They will not eat green slime algae(BGA), more like disturb it. BBA is definatley hit or miss more miss though. Fuzz algea is also a little hard for them but they may eat some. Mainly GSA, GDA, diatom (Brown algae).


----------



## MedRed (May 20, 2008)

anyupdates?


----------



## kotoeloncat (Apr 12, 2006)

any updates ?


----------



## Arakkis (Dec 7, 2007)

Sorry for the delays:
Day 19:
Tank#1: Pretty good though there now seems to be a chlorella algae outbreak due to the snail poop. Note there isn't any filteration on these tanks so I'm going to do a water change on Sunday. to see what's going on with that. 
Did however find one empty.. I guess there might have been some nitrate buildup. I'll test the water next week at a LFS




















Tank#2: Looking good now.. lots of detritus on the bottom though. Cleaned all the petrified wood and ceramic pot in there.. They're now busy working on the sides.
Also found an empty.. Maybe I should have added filtration on both tanks


----------



## customdrumfinishes (Apr 4, 2008)

day19 tank 2, above pic^^^

ive never seen a tank that dirty and its half clean lol


----------



## Arakkis (Dec 7, 2007)

hehe, I wasn't kidding about the horror when I created these tanks. Some of the areas had layers so thick that you could actually peel back and get 5mm thick slabs of algae. I usually use these tanks to make the food for the nerites I have.


----------



## bwagner (Apr 18, 2007)

anyupdates on this?


----------



## plantbrain (Dec 15, 2003)

I got one, they dozed log phase algae growth in about 10 days off rocks, there where 4 species of green algae, plastic and smooth surfaces are preferred vs rough rocks.

But they certainly do the trick on attached algae on non living materials.
I'm satisfied there.

They are too large for many plant species however.

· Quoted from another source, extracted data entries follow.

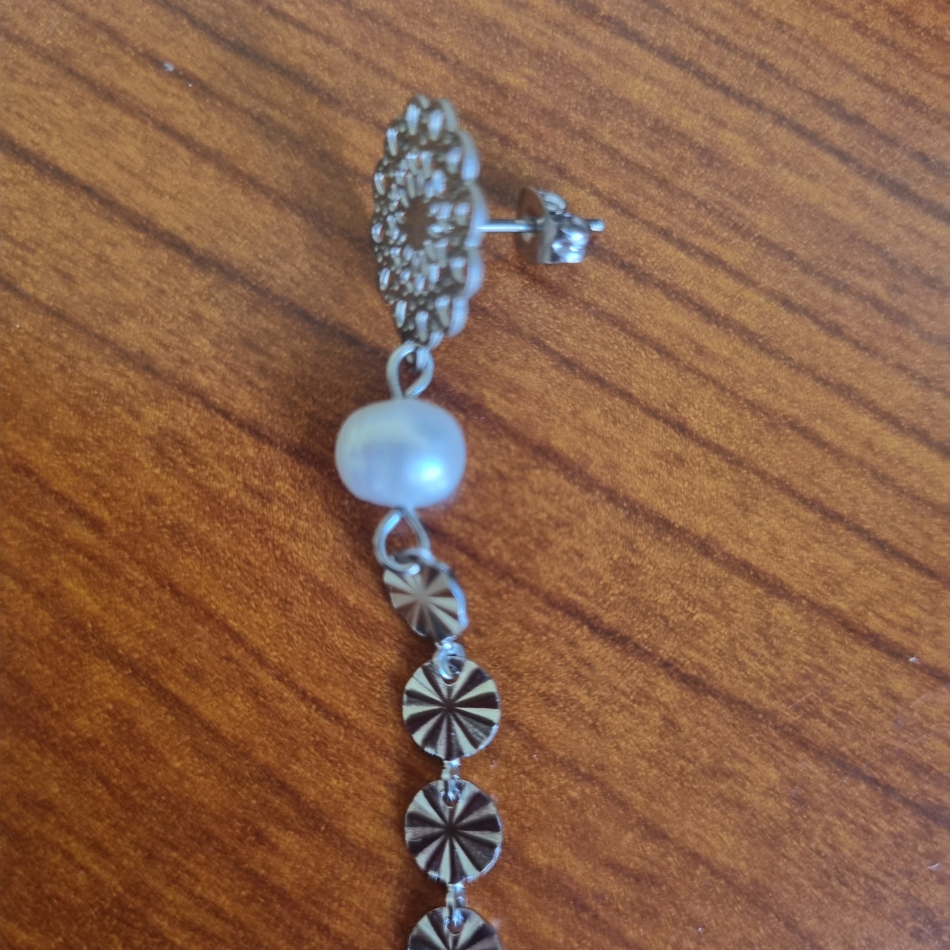 Orecchini “Luna d’Argento” – Eleganza Artigianale in acciaio inox con Perle Naturali
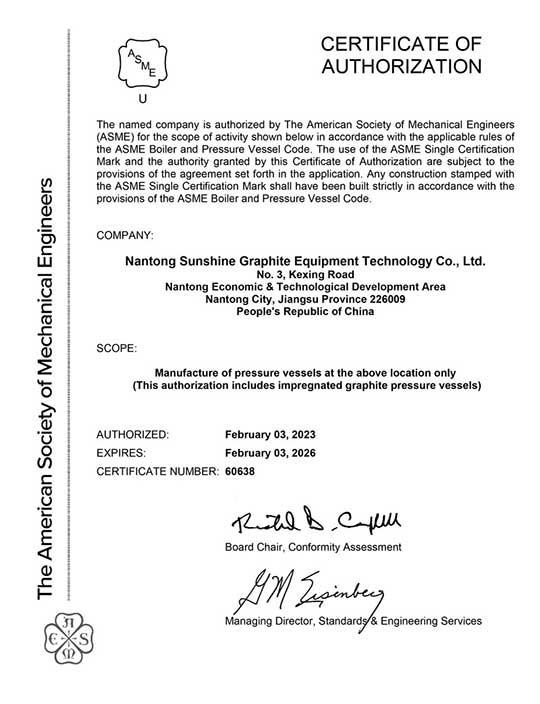 實(shí)力見證榮耀,南通三圣石墨設(shè)備科技股份有限公司將以此次獲得ASME “U”鋼印認(rèn)證為新的起點(diǎn),繼續(xù)書寫行業(yè)傳奇,為全球客戶提供更優(yōu)質(zhì)的產(chǎn)品和服務(wù)!
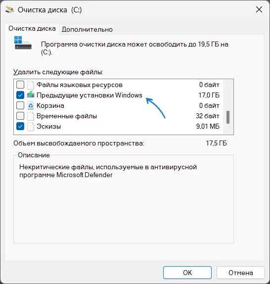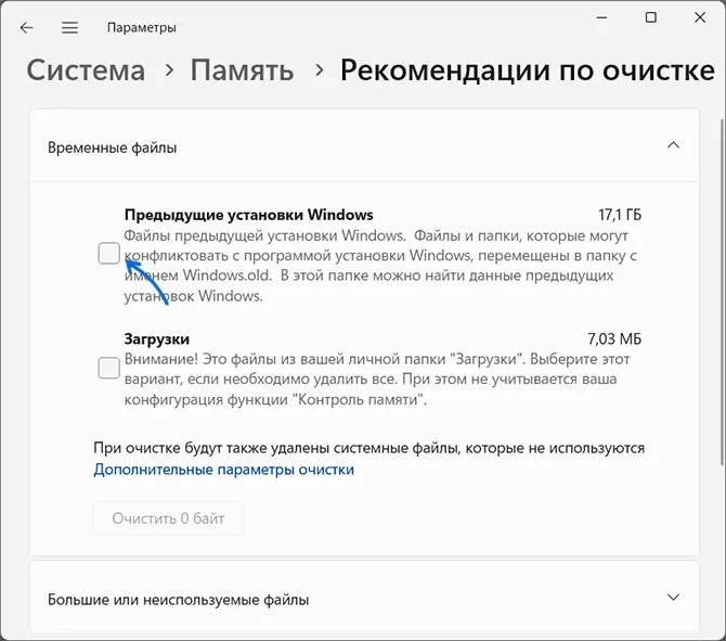 4. Поставьте галочку на «Предыдущие установки Windows» и «Временные файлы установки».

This was for Zebra nerites, not olives.

Regards, 
Tom Barr


----------



## Trio123 (Nov 5, 2008)

I bought 25 nerites for my 65 gallon tank several months ago. They do a good job but I saw the biggest impact from my bristlenose pleco that quite litterally cleaned the entire back wall over night. I also have 5 in my 10 gallon with a betta and two african dwarf frogs, I never clean the glass and I have never seen any algae in there (over 5 months). I only clean the front glass in my 65 occasionally and the algae in there is very light (except for the hair algae that is having a field day). The 25 Olive Nerites are accompanied by the bristlenose pleco, a whip tail cat, and two ottos.


----------